The data from S&P Global Market Intelligence draws a sharp line. Six of the eight PE sponsors with the highest assets under management expanded their committed capital in the quarter. In the tier immediately below — the next 20 firms by AUM — only nine grew their books, and the median check size in that cohort contracted. This is not a cyclical fluctuation. The gap between megafund sponsors and mid-market firms has been widening for three years; Q1 2026 data shows it widening further.

The megafund firms are benefiting from several structural advantages: LP relationships with institutional investors that are still willing to commit to private markets even as smaller LPs pull back, origination pipelines built on decades of corporate relationships, and the ability to deploy capital in deals where competition is limited to a handful of global peers. The 22 transactions above $10 billion that closed in Q1 — a record for any quarter — were, with few exceptions, accessible only to sponsors with the capital and credibility to participate at that scale.

Why the Middle Market Paused

Mid-market sponsors are contending with a valuation problem that has no obvious near-term resolution. Sellers who acquired assets between 2019 and 2022 are protecting book values set during years of cheap debt. Buyers running LBO models at current loan spreads cannot meet those levels without accepting below-threshold returns. Both sides are capable of waiting. Linklaters partner Florent Mazeron described the resulting standoff as a bid-ask spread wider than anything seen in the past three years.

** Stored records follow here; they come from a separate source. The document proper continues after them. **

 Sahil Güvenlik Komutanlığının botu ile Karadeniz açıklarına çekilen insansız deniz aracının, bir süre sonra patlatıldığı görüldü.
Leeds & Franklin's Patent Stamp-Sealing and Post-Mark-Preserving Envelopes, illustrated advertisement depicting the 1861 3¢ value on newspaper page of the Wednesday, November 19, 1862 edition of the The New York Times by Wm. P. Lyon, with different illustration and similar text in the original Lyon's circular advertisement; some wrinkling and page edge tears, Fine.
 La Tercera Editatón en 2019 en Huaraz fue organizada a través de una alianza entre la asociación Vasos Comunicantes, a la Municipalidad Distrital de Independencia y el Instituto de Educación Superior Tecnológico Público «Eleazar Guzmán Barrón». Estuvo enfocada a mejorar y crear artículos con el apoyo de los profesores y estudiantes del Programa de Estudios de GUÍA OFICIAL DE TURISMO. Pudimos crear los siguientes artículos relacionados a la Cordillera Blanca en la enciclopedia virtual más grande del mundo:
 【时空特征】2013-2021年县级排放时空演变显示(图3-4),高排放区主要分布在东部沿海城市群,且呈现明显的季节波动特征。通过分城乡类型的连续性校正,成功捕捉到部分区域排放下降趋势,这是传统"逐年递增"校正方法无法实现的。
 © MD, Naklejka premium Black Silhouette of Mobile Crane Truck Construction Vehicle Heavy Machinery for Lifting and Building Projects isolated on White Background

LP behavior compounds the pressure. Smaller institutional investors and family offices that historically backed mid-market funds have reduced private markets allocations in 2025 and into 2026. That reduces dry powder at exactly the tier where valuation flexibility would otherwise help close deals. The combination of constrained capital and stubborn seller expectations has pushed Q1 mid-market volume to multi-year lows.

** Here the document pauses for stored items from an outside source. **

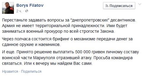 «Ради борьбы с сепаратизмом и терроризмом в Восточных регионах Украины и установления стабильности и спокойствия в государстве, Тимошенко решила снять свою кандидатуру с президентской гонки и создала сегодня и возглавила Движение сопротивления», — написал Михаил Рябец на своей странице в фейсбуке.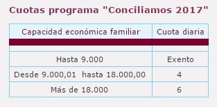 La cuota semanal que deben pagar las familias estará en función de la capacidad económica familiar, teniendo el siguiente coste: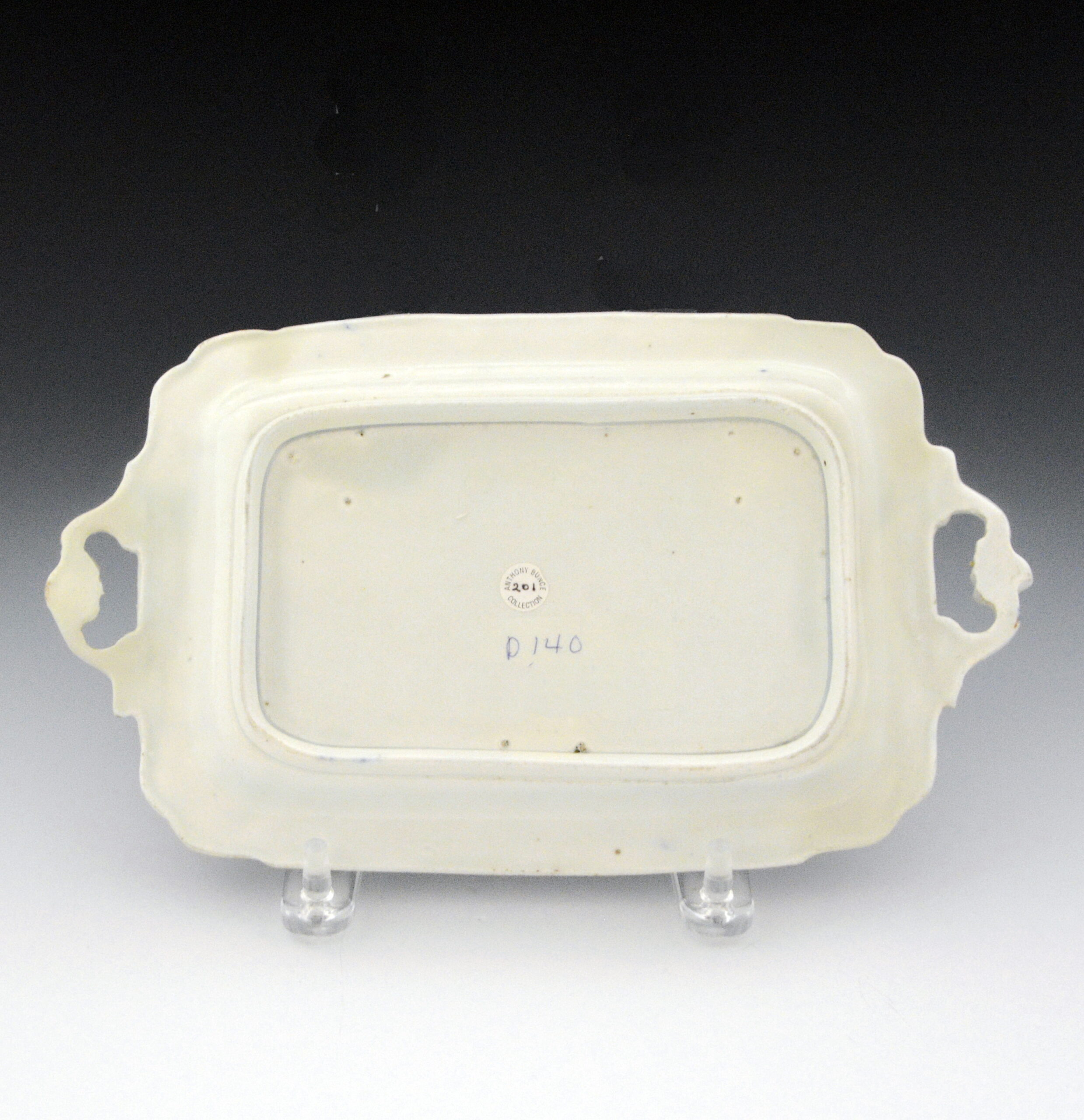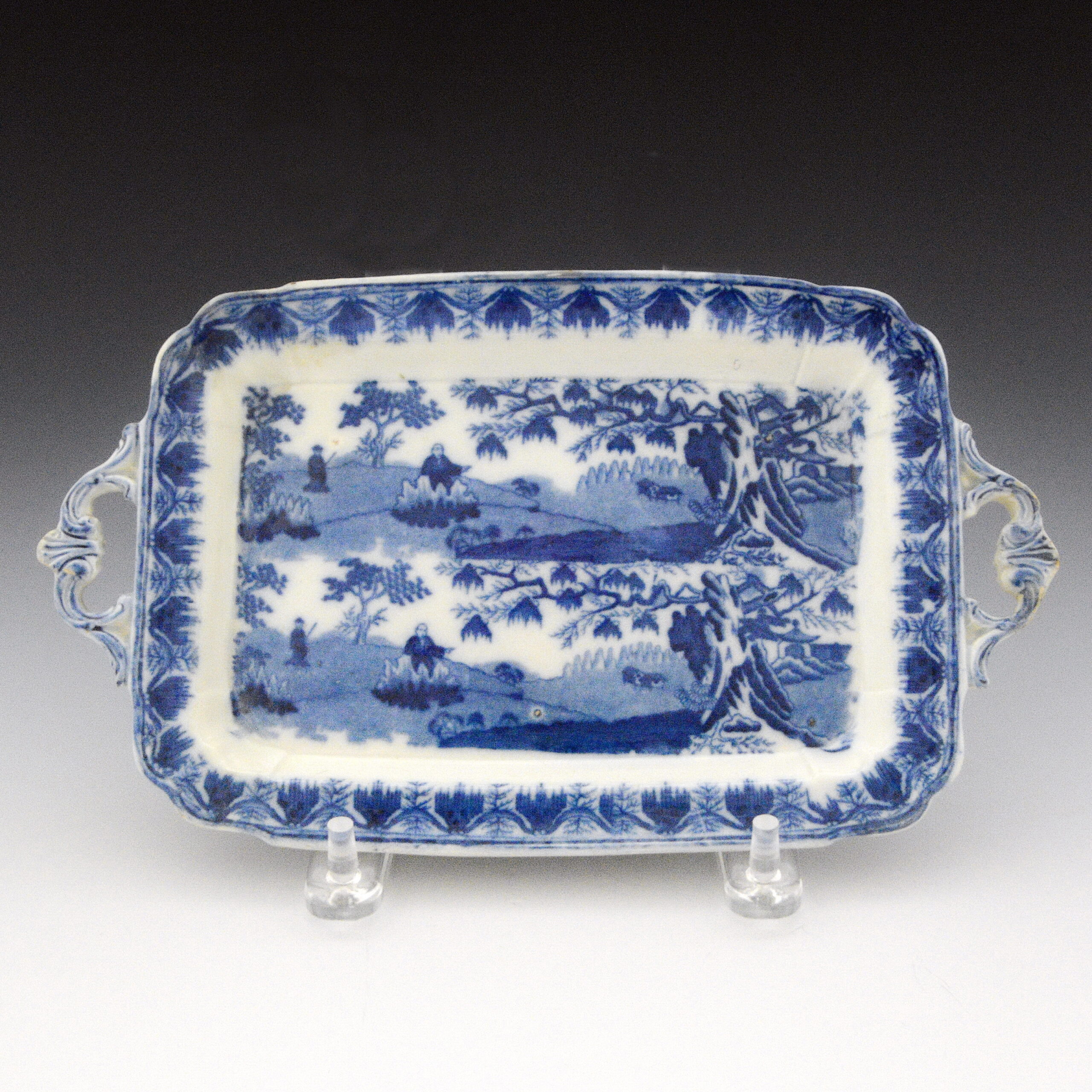 A  molded handled tray printed with the Chinese Men in a Garden pattern. The pattern features two Chinese men walking in a garden. Large-leaf plants are at their feet and oriental trees drape down overhead, framing the scene above. The same large leaves are repeated in the border design. The pattern is printed twice indicating that it was originally engraved for a different item. Molded scroll shaped handles painted with a blue ground. The pattern is attributed to Davenport with marked examples documented in the TCC database.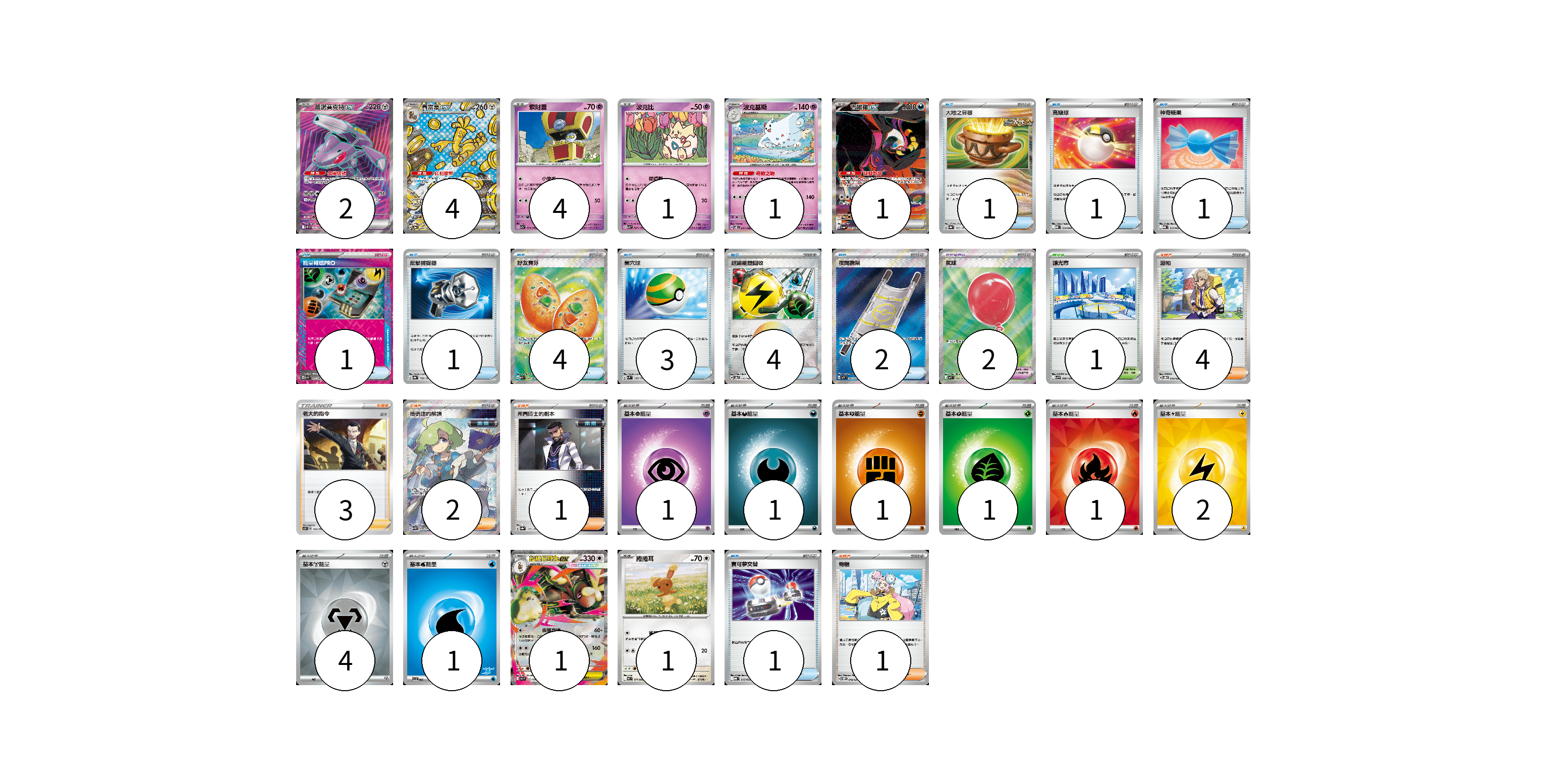 牌組構築方案 以此牌組為基礎新構築牌組 顯示卡面 顯示列表 寶可夢卡(15) 2 4 4 1 1 1 1 1 寶可夢道具(2) 2 物品卡(19) 1 1 1 1 1 4 3 4 2 1 支援者卡(11) 4 3 2 1 1 競技場卡(1) 1 能量卡(12) 1 1 1 1 1 2 4 1 寶可夢卡(15) 卡牌名稱 張數 卡牌名稱 張數 蓋諾賽克特ex SV11B 164/086 02 賽富豪ex SV8a 220/187 04 索財靈 SV7a 024/064 04 波克比 SV3 043/108 01 波克基斯 SV8 047/106 01 吉雉雞ex SV6a 089/064 01 超級長耳兔ex M2 072/080 01 捲捲耳 M2 071/080 01 寶可夢道具(2) 卡牌名稱 張數 卡牌名稱 張數 氣球 M1L 084/063 02 物品卡(19) 卡牌名稱 張數 卡牌名稱 張數 大地之容器 SV8a 143/187 01 高級球 MBD 014/022 01 神奇糖果 MBG 013/022 01 能量輸送PRO SV7a 052/064 01 反擊捕捉器 SV8a 139/187 01 好友寶芬 M1S 081/063 04 巢穴球 SVM 133/175 03 超級能量回收 SV8a 141/187 04 夜間擔架 M1L 083/063 02 寶可夢交替 MBG 015/022 01 支援者卡(11) 卡牌名稱 張數 卡牌名稱 張數 派帕 SVOD 018/020 04 老大的指令(坂木) SCB 140/156 03 暗碼迷的解讀 SV5M 090/071 02 弗圖博士的劇本 SV8a 175/187 01 奇樹 SVOM 018/021 01 競技場卡(1) 卡牌名稱 張數 卡牌名稱 張數 釀光市 SV9 098/100 01 能量卡(12) 卡牌名稱 張數 卡牌名稱 張數 基本【超】能量 MBD PSY 01 基本【惡】能量 MBG DAR 01 基本【鬥】能量 M-P FIG 01 基本【草】能量 M-P GRA 01 基本【火】能量 SVQL FIR 01 基本【雷】能量 SVQP LIG 02 基本【鋼】能量 SVOD MET 04 基本【水】能量 SVI WAT 01 以此牌組為基礎新構築牌組 牌組編碼 LIPNDV-ZCNXbx-BfjWPE copy 列印牌組單 牌組編碼已複製 分享至SNS

AI and Infrastructure as Exceptions

Not every mid-market vertical is frozen. AI software, data infrastructure, and tech-enabled services businesses continued to trade actively, attracting buyers willing to pay growth multiples even in a high-rate environment. The strategic urgency driving AI acquisition is partially decoupled from interest-rate dynamics — acquirers fear missing a window, not just optimizing financing costs. Several of Q1’s most notable transactions in the $500 million to $3 billion range fell into this category.

What Moves the Needle in H2

The Federal Reserve’s split April 24 vote on rate cuts left underwriting models exposed to scenario risk. One clean cut decision would, by most deal-market estimates, pull 50 to 75 deferred mid-market transactions back into the active pipeline within 90 days. The IPO calendar is the secondary indicator — five PE-backed listings priced above range in Q1, and the May–June queue includes names that will test whether public buyers remain receptive. Successful exits reset portfolio economics and free GPs to focus on new deals rather than managing existing positions. The second half of 2026 is the proving ground.